Be sure to read the HCA site thoroughly. They have great information there, particularly about questions to ask a prospective breeder. Once you have done your homework, get back to us and ask about specific breeders you are considering. Often HF members will have heard about them, somewhere.

Ricky's Popi


----------



## KatieH (Apr 24, 2020)

Thank you so much for the response and information. I've been feeling discouraged to get no replies. I am very sympathetic to ShamaMama's situation...I am also a teacher (high school math)!

I have looked at the HCA breeder list, and there are only two listed in MN, none in Wisconsin. I do have some breeders to ask about that I found just by Googling (and from the AKC Marketplace list), but I was hesitant to name them here. I wasn't sure if it was allowed. I haven't been able to determine if one of the breeders I found in MN was actually ShamaMama.

Whispering Water Havanese (Bloomington, MN)
Peluito Havanese (Hastings, MN)
Windhaven Havanese (Juneau, WI)
So Cute Havanese (Eagle, WI) - "Natural" - no vaccines!
VanCourt's Happy Havanese (Bath, MI)

Texas is a long way, but our son goes to school in College Station, so maybe it's not an unreasonable thought to travel there to pick up a pup!

Does anyone know anything about the breeders that I named above?


----------



## 31818 (Oct 29, 2014)

KatieH said:


> I do have some breeders to ask about that I found just by Googling (and from the AKC Marketplace list), but I was hesitant to name them here. I wasn't sure if it was allowed. I haven't been able to determine if one of the breeders I found in MN was actually ShamaMama.


It is okay to ask about and mention breeders here. @ShamaMama is not a breeder but has a single, beautiful, female Havanese.


> Texas is a long way, but our son goes to school in College Station, so maybe it's not an unreasonable thought to travel there to pick up a pup!
> 
> Does anyone know anything about the breeders that I named above?


Many people have flown to pick up their Havanese. We drove 2000 miles roundtrip (four days travel) to pick up Ricky. I didn't want to complicate things by flying for the first time ever with a new dog. BTW, TigerLily Havanese is located in Houston area, so even further for you.

I know nothing about the breeders you listed, but Peluito Havanese rings a bell. Maybe that's where Shama was bred, I don't remember.

Ricky's Popi


----------



## 31818 (Oct 29, 2014)

I forgot to say, thank you for your service as a teacher. ShamaPaPa is also a math teacher up in your area. We love all you guys! <3

Ricky's Popi


----------



## krandall (Jun 11, 2009)

It would also be fine for you to PM Shamamama, or, Popi, do you remember Sophie’s forum name? I know she’s up in that area too, and much more plugged into the breed/show community, so may have a better idea of who may be planning litters this year.


----------



## 31818 (Oct 29, 2014)

krandall said:


> Popi, do you remember Sophie's forum name? I know she's up in that area too, and much more plugged into the breed/show community, so may have a better idea of who may be planning litters this year.

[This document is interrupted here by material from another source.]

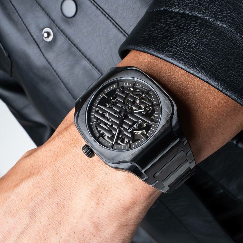 ヴィンテージデザインから直接インスピレーションを受け、D1 MILANOはクラシックなスクエアケースと、大胆なスケルトンダイヤルを融合。

 I think you are referring to @KarMar, she has three Havanese in her stable. She lives in Minneapolis area and is friends with MaMa of Shama. She posted on the list not more than two weeks ago so she is around. @KatieH send KarMar a PM, I feel certain she can help you.

[EDIT] I just discovered it is KarMar that has the Peluito pup! You need to talk to KarMar!

Ricky's Popi


----------



## krandall (Jun 11, 2009)

Ricky Ricardo said:


> I think you are referring to @KarMar, she has three Havanese in her stable. She lives in Minneapolis area and is friends with MaMa of Shama. She posted on the list not more than two weeks ago so she is around. @KatieH send KarMar a PM, I feel certain she can help you.
> 
> [EDIT] I just discovered it is KarMar that has the Peluito pup! You need to talk to KarMar!
> 
> Ricky's Popi


Yes! That's her screen name!


----------



## Tom King (Aug 2, 2006)

If things up there are like they are here, it's going to be a long time before there is an available puppy, and that's with being on a waiting list. I think the chances of getting a puppy from a really good breeder, without being on a waiting list, approach zero. The chance was close to zero before, but it's close to absolute now.

I guess it's because so many people are staying home, and feel like now would be a good time to raise a puppy, but anyway, we, and all our close breeder friends, are getting more inquiries for puppies than we can even respond to promptly. And that's every day.


----------



## KarMar (Jan 14, 2016)

Big BIG thank you to Karen and Popi for referring OP to me! We have made a puppy connection, but I'll let her share more on that. I am very excited for her


----------



## krandall (Jun 11, 2009)

YAY!!! <3


----------



## KatieH (Apr 24, 2020)

Yes, EXTRA BIG thank you to you who are passionate about maintaining the integrity and beauty of all breeds especially these delightful Havanese! I appreciate all that @Ricky Ricardo, @ShamaMama, @krandall, and @KarMar did to patiently answer questions that they've no doubt answered for many newbies before me and will continue to do for many after. Hopefully I'll be able to slide my peg from Newbie to Novice very soon and start helping out with the answering.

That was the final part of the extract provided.